Revolution #64, October 8, 2006
The Facts About the Military Commission Act (Torture Law)
As we go to press the “Military Commissions Act of 2006” (MCA) has been been passed by both houses of Congress—and rushed to the White House for Bush to sign into law.
- The MCA legitimizes and legalizes the global CIA program of torture. It bans certain forms of torture, while leaving other techniques unmentioned and legal. Yale Law Professor Jack Balkin points out, ‘‘The MCA continues to recognize that certain conduct is illegal, but attempts to eliminate all judicial remedies for such violations.”

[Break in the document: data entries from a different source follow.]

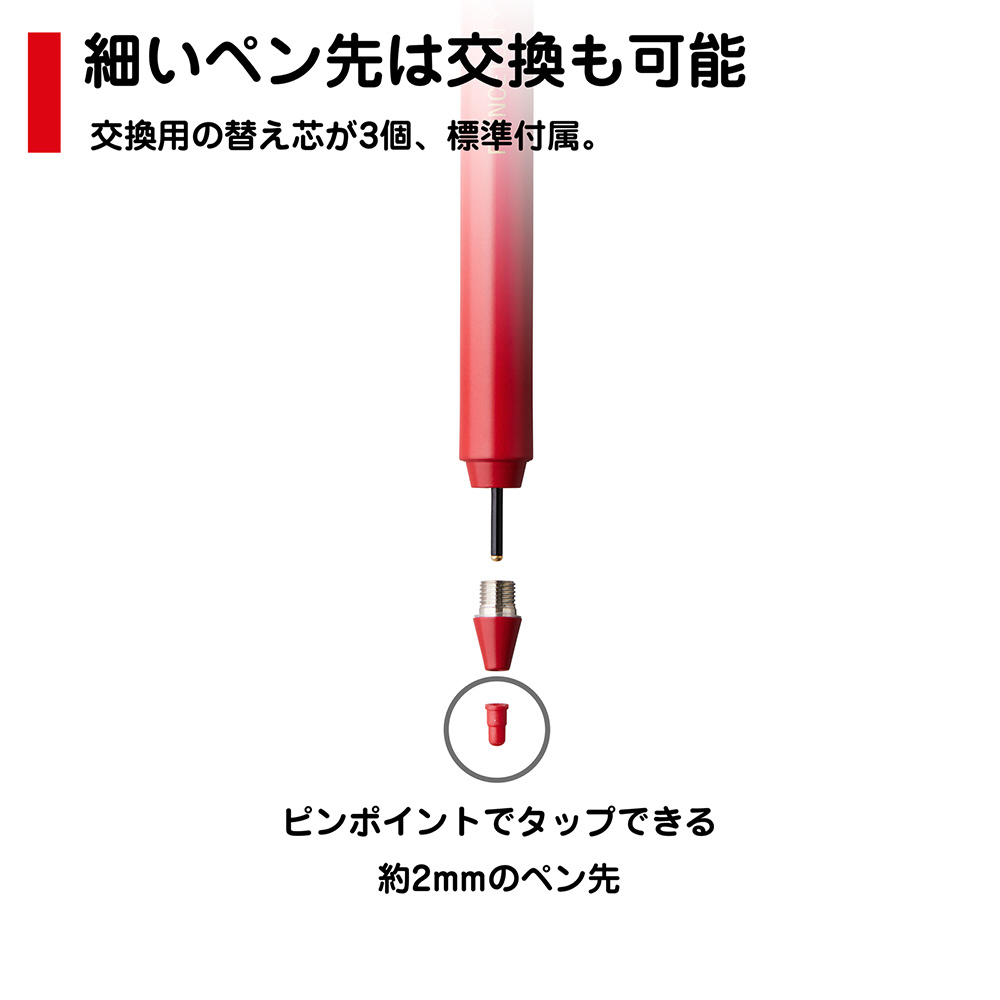 | 仕様2 | [外形寸法]直径約9 (先端部2.) × (H)142mm [質量]11g [ペン先素材]シリコン [電源]内蔵リチウムイオン充電池 [充電時間]約9分 [連続動作時間]約15時間 [オートオフ]約5分 [汎用モード]パームリジェクション:× [iPad モード]パームリジェクション:〇 [同梱品]本体、替え芯× 3 本、充電用USB ケーブル(A-C)約3cm、ユーザーズガイド/保証書 |
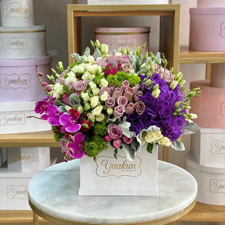 Hermoso diseño floral en mega cofre blanco, compuesto de 200 rosas aprox, lisianthus, 40 tulipanes, ortencias, guny, perritos, amarantos, lentejas, musgo y orquídeas
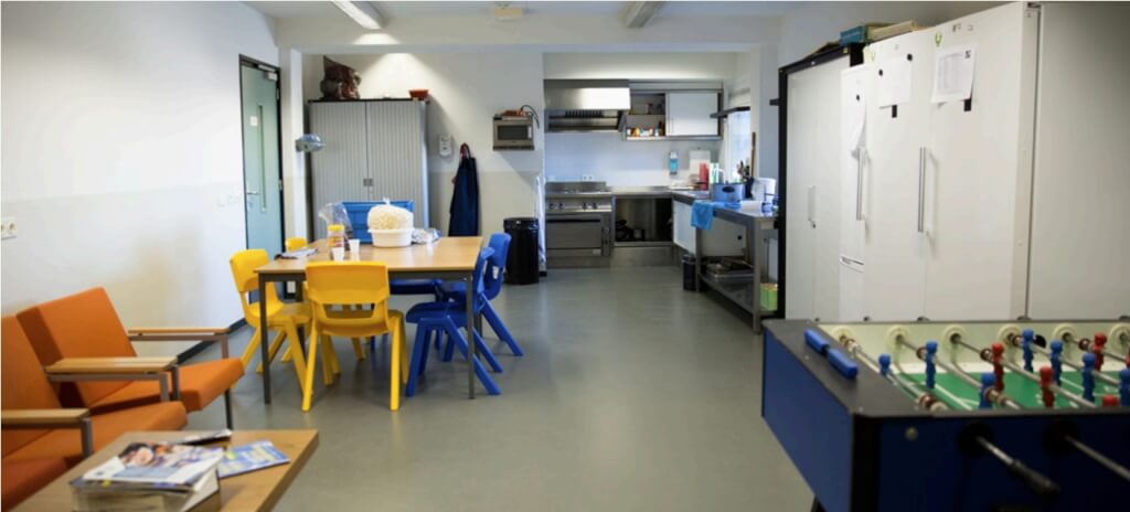 中央社報導,從法院官網上的照片顯示一個公共區域,有桌上足球桌、廚房設施、一張桌子和多把椅子。該中心還設有一個小型醫療設施。
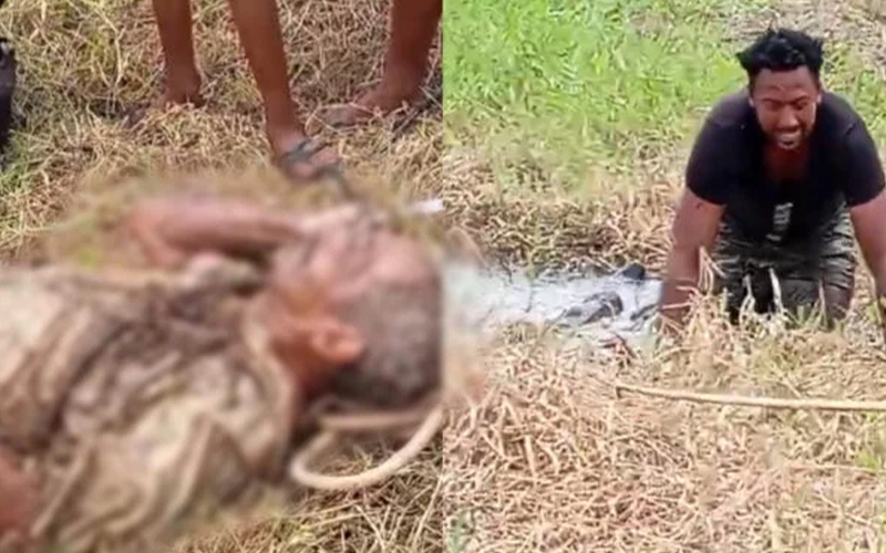 O presidente do bairro entrou na área alagadiça com uma corda e conseguiu alcançar o idoso, resgatando-o a tempo; por pouco ele não sufocou na lama.
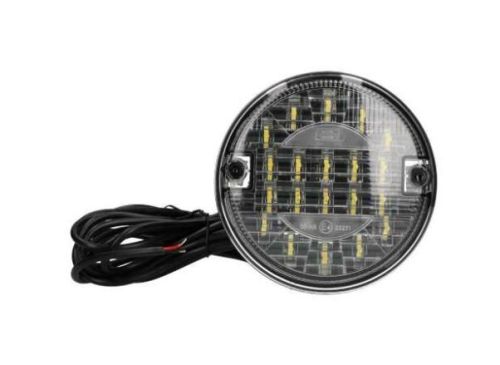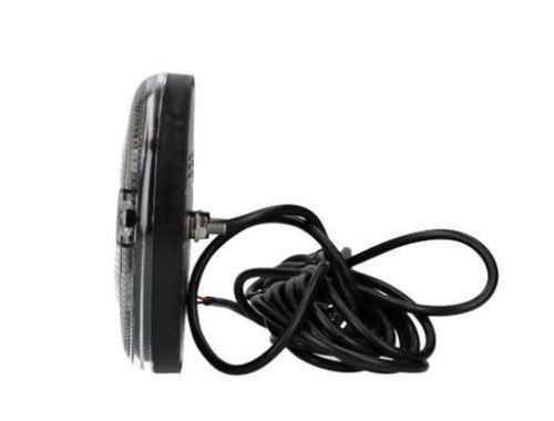 "Fue de Recul LED, 12/24V plat. Diamètre: 140mm Ø Hauteur: 31mm entraxe: 45mm boulons: M6. Connexion: câble 5.0M avec extrémité ouverte; couleur du fil conformément aux instructions d'installation fournies. IP67. Livré avec un ensemble chromé avec anneau en plastique et joint en caoutchouc. "
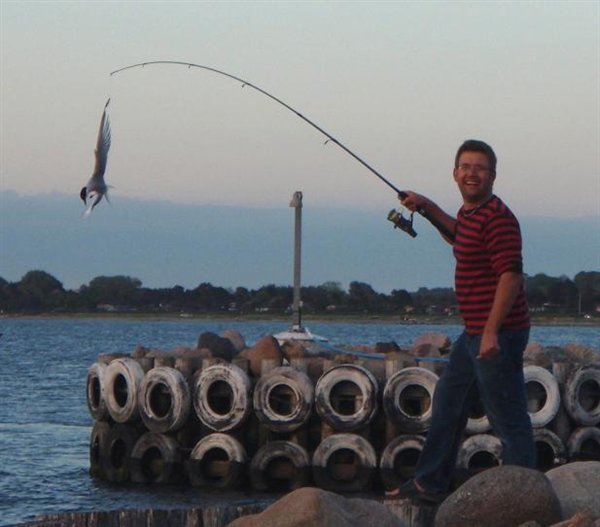 min mand havde fanget en Hav Terne ( en slags måge) Den havde bare viklet sig ind i hans line, Da den kom flyvende, og han skulle kaste ud i vandet. krogen hang neden under MÅVEN
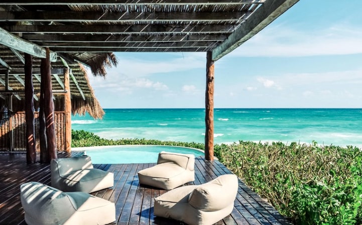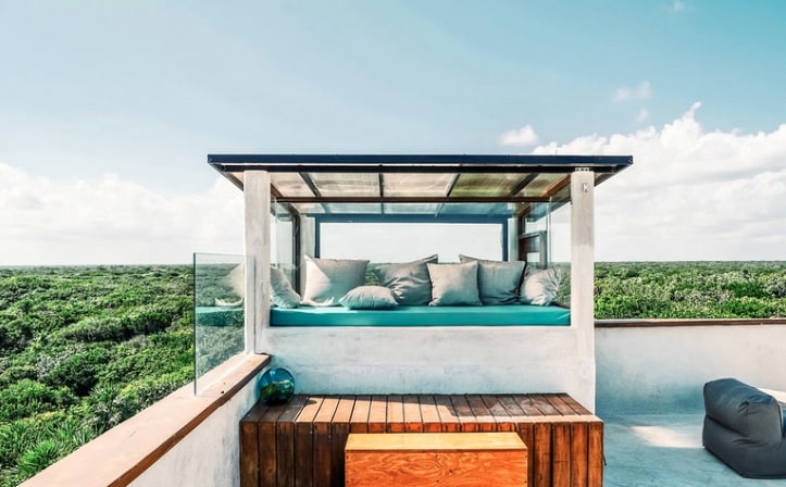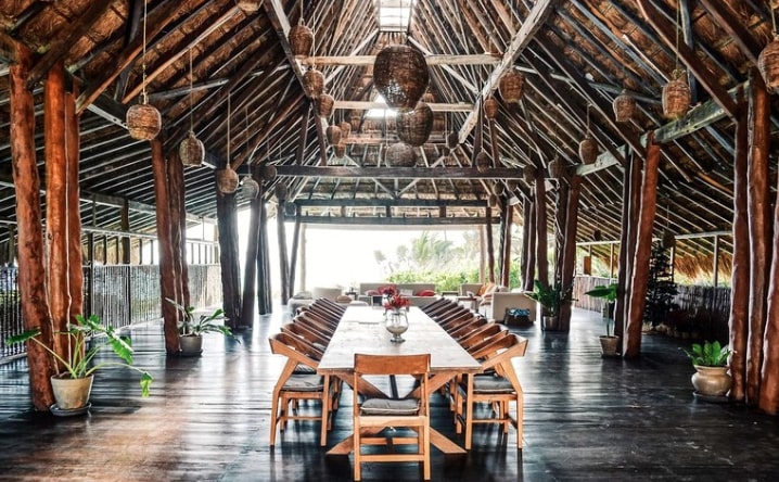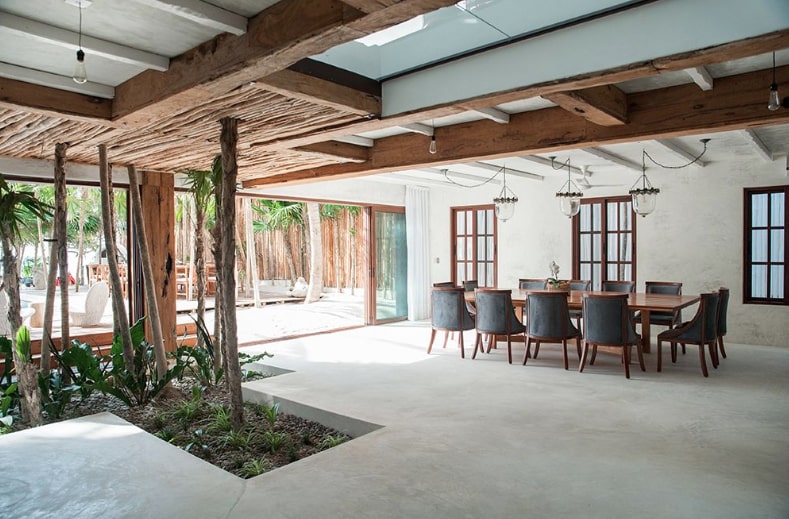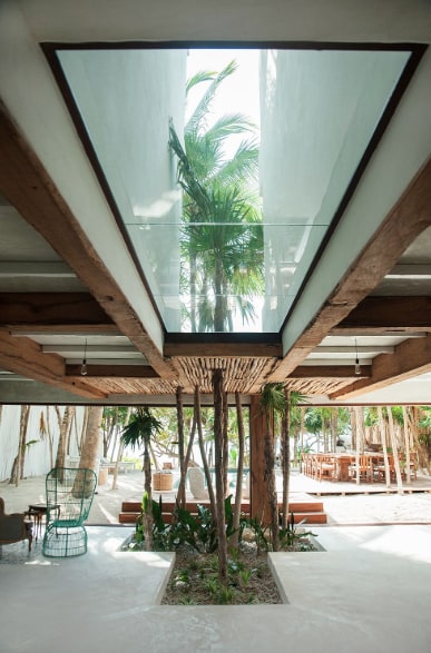 Une allée intérieure de végétation luxuriant à été conservée allant vers un grand espace ouvert, avec vue sur la plage, et qui compte une cuisine, une salle à manger et un salon. Les quatre chambres à coucher de cette maison moderne sont également ouvertes vers l’extérieur. La transparence de l’architecture de la maison permet aux vents de jouer le rôle de climatisation naturelle tout en optimisant la vue vers la nature.

- The MCA rewrites the 1996 War Crimes Act to create a loophole for the torture they have been carrying out. Previously the War Crimes Act made it a felony to commit ‘‘violations” of the Geneva Conventions Common Article 3 (a major international agreement forbidding cruel and degrading treatment of prisoners). After the MCA changes, the War Crimes Act will only forbid ‘‘grave breaches’’ of Common Article 3. And this change is effective retroactively back to 1997. This in effect will allow the Bush administration to violate the Geneva Conventions while asserting its torture methods (like half-drowning prisoners, ‘‘stress positions,’’ and grotesque degradation) are not ‘‘grave breaches.’’ This will protect its CIA torturers from prosecution for war crimes.
- The MCA authorizes a new system of military courts for U.S. captives which the President has labeled “alien unlawful enemy combatants.” After holding and torturing these prisoners, the government can drag them in front of a military commission for a so-called ‘‘trial’’ to be sentenced to execution or more imprisonment.
- In the military commissions, U.S. military officers serve as both judge and jury. Defendants will only be allowed to have lawyers who have government security clearances.
- In the military commission trials, defendants have no right to see all the evidence against them. Statements forced out of defendants or other prisoners by torture can be entered as evidence (if the torture took place before Dec. 30, 2005). Trials can be carried out without the defendants present.
- The MCA authorizes the use of evidence seized without legal warrants both outside the U.S. and within the U.S.
- The MCA forbids prisoners to invoke the Geneva Conventions as a source of rights during military commission trials.
- The MCA rewrites current federal habeas corpus law to forbid federal courts from considering a writ of habeas corpus (a petition for release from unlawful detention) by an “alien” detained as an “enemy combatant.”
- The MCA redefines “unlawful enemy combatant” so that it can be applied to U.S. citizens and to people who have never engaged in combat against the U.S.
- The MCA definition of unlawful enemy combatant is someone who ‘‘has engaged in hostilities or who has purposefully and materially supported hostilities against the United States or its co-belligerents who is not a lawful enemy combatant (including a person who is part of the Taliban, al Qaeda, or associated forces)…” Senator Lindsey Graham said: ‘‘We’re making sure that an enemy combatant could be defined as something other than a front-line troop.”
- The definition of ‘‘unlawful enemy combatant’’ in the MCA is not limited to jihadist forces like Al Qaeda. The MCA can quickly become the legal basis for government roundups of other forces the government chooses to target.
- Yale Law Professor Bruce Ackerman writes that the MCA, “which is racing toward the White House, authorizes the president to seize American citizens as enemy combatants, even if they have never left the United States. And once thrown into military prison, they cannot expect a trial by their peers or any other of the normal protections of the Bill of Rights.” (L.A. Times, Sept. 28, 2006)
- The Center for Constitutional Rights says the MCA could allow the U.S. government to detain the attorneys of prisoners in Guantanamo as “enemy combatants.”
- Under the MCA, legal immigrants in the U.S. labeled ‘‘alien unlawful enemy combatants” can be imprisoned, tortured, denied all legal rights, and sentenced by a military commission. U.S. citizens labelled ‘‘unlawful enemy combatants’’ can be imprisoned and tortured—but the MCA does not make citizens subject to military commissions. The creation of different legal standards for citizens and non-citizens living in the U.S. reverses the long-standing principle that everyone living in the U.S. is governed by the same courts, laws and rights.
- Under the MCA, people can be labeled ‘‘unlawful combatants’’ for supporting hostilities against brutal regimes considered ‘‘co-belligerents”—i.e., U.S. allies in the so-called ‘‘war against terror.’’ Could someone who protested against or exposed the government of Israel, Turkey, or Saudi Arabia disappear into a CIA torture camp? Under the MCA, the definition of “purposefully and materially supported hostilities” is up to Bush to define.